(Collection entries)

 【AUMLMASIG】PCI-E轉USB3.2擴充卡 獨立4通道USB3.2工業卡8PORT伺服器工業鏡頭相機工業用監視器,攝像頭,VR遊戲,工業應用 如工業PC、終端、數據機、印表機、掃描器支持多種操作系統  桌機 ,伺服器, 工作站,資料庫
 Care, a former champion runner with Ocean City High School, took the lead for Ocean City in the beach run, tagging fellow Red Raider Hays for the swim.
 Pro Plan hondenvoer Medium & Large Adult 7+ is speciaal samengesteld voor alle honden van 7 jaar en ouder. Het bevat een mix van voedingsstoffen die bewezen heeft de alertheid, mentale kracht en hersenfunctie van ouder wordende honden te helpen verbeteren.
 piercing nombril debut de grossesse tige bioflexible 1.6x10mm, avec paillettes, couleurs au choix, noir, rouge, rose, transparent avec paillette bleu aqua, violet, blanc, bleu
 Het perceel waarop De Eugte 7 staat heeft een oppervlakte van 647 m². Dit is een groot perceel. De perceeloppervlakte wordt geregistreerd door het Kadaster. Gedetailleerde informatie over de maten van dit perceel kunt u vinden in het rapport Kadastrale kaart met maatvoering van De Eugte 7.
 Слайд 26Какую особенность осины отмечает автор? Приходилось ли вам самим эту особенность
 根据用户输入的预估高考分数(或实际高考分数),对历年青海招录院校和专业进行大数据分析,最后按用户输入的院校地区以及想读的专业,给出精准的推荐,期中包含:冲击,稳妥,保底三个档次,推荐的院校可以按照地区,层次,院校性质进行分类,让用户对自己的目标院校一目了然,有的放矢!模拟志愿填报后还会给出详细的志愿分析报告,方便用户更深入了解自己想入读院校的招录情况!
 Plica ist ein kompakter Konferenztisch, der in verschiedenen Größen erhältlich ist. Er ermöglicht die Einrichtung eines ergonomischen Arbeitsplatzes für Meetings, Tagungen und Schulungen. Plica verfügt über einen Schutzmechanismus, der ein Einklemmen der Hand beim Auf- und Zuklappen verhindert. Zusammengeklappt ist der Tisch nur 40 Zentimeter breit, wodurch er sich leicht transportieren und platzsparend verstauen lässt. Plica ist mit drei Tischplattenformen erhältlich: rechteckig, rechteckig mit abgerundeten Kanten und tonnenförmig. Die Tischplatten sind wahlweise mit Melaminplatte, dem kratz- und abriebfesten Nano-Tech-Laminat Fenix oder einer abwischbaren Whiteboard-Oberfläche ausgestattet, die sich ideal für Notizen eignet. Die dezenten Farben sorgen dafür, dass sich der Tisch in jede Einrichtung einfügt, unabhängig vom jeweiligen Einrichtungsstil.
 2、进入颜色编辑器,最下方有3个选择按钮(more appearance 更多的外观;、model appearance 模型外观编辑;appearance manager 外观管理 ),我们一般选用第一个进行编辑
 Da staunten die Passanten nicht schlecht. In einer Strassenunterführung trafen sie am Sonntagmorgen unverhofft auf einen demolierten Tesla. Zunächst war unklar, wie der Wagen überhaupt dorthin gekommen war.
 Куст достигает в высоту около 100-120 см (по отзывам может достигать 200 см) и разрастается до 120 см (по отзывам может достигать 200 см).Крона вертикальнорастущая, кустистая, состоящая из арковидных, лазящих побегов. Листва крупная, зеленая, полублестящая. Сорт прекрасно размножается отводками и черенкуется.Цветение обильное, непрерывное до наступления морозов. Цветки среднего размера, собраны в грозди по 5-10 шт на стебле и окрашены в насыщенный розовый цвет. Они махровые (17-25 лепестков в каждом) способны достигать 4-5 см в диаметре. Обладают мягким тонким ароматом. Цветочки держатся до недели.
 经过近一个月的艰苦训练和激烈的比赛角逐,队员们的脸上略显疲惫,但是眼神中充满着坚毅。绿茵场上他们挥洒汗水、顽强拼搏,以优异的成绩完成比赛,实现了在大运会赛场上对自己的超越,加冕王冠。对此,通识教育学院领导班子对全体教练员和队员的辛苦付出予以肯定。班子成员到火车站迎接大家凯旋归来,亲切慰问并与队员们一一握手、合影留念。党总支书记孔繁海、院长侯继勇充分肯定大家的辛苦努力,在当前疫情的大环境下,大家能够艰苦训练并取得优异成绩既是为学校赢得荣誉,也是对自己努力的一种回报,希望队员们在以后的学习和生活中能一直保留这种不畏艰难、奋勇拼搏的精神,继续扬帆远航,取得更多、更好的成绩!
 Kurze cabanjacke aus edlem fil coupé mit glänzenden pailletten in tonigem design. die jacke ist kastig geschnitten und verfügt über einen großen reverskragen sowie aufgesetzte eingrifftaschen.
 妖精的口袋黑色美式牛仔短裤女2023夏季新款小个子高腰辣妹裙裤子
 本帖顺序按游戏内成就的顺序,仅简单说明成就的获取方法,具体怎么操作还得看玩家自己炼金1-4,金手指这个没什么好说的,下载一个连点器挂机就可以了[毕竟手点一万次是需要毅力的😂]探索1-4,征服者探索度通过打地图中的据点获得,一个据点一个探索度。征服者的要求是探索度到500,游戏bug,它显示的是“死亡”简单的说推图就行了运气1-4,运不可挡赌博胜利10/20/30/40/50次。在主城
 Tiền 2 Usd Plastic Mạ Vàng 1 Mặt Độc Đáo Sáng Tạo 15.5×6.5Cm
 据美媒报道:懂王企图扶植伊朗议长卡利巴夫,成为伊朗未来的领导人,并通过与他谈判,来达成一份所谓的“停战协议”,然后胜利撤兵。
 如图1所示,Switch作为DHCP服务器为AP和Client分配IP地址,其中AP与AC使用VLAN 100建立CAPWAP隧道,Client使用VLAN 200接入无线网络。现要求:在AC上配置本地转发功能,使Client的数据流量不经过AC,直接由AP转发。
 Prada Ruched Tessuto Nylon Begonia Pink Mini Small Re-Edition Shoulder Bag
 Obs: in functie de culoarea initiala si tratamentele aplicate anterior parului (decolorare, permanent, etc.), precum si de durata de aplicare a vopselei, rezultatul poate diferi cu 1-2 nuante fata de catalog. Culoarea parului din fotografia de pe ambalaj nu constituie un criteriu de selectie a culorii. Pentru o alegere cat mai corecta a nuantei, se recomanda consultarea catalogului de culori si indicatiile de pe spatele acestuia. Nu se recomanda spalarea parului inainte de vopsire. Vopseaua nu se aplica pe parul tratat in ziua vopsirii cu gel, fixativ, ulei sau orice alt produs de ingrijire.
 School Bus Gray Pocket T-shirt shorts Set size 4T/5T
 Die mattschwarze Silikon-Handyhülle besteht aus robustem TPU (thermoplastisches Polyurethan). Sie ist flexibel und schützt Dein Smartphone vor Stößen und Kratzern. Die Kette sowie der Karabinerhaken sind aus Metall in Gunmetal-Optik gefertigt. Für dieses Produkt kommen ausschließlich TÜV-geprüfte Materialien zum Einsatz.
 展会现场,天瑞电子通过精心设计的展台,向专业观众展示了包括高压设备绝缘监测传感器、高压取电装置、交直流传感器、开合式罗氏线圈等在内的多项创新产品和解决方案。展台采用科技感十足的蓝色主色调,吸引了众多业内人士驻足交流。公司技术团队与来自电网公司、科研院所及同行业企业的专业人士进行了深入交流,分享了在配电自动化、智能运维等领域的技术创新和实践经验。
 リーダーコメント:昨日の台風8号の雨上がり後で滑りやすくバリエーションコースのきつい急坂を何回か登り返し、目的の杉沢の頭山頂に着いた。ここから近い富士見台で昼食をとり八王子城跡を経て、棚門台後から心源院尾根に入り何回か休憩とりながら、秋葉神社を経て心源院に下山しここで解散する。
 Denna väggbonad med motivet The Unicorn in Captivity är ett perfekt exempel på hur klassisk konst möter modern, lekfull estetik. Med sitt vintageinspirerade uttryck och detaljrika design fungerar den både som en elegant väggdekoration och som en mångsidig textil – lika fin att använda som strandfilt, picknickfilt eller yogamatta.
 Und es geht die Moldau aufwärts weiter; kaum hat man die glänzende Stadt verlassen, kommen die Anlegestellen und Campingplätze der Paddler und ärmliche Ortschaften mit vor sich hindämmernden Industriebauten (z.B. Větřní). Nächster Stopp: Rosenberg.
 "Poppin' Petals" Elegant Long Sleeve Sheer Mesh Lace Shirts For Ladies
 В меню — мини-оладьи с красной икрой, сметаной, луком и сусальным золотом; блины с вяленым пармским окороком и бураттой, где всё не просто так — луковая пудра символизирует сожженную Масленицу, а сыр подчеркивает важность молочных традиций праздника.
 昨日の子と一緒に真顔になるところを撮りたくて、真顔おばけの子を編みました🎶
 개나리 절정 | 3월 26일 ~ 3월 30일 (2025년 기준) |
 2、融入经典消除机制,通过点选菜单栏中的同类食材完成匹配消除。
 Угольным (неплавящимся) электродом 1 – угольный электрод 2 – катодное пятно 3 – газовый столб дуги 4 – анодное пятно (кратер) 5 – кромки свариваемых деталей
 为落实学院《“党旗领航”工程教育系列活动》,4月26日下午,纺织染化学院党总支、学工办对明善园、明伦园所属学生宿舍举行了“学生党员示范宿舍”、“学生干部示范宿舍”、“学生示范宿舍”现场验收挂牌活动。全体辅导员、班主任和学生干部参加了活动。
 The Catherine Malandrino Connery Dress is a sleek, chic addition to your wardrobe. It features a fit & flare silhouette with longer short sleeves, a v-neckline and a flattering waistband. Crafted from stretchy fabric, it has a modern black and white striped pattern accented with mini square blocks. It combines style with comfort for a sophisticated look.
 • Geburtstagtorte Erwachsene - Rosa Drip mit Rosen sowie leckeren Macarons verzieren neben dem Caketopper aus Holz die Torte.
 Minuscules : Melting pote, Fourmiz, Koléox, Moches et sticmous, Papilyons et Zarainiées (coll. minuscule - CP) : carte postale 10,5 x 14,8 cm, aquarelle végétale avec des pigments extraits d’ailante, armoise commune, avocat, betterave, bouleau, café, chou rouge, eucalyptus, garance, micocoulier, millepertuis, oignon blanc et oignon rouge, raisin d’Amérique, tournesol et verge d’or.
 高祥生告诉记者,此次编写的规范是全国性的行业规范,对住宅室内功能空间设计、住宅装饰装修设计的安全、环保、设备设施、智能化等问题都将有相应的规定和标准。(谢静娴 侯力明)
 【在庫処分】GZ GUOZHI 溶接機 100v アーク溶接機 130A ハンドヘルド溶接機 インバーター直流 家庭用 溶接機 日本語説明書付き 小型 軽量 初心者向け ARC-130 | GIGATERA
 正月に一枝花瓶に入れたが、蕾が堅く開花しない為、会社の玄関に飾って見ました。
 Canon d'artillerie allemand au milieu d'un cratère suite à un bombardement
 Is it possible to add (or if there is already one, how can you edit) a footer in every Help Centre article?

> [What is required] Repeat the data above starting at the line with "ARC-130 | GIGATERA" and ending at its last line, exactly, with no other lines.

> [Task solution]
 【在庫処分】GZ GUOZHI 溶接機 100v アーク溶接機 130A ハンドヘルド溶接機 インバーター直流 家庭用 溶接機 日本語説明書付き 小型 軽量 初心者向け ARC-130 | GIGATERA
 正月に一枝花瓶に入れたが、蕾が堅く開花しない為、会社の玄関に飾って見ました。
 Canon d'artillerie allemand au milieu d'un cratère suite à un bombardement
 Is it possible to add (or if there is already one, how can you edit) a footer in every Help Centre article?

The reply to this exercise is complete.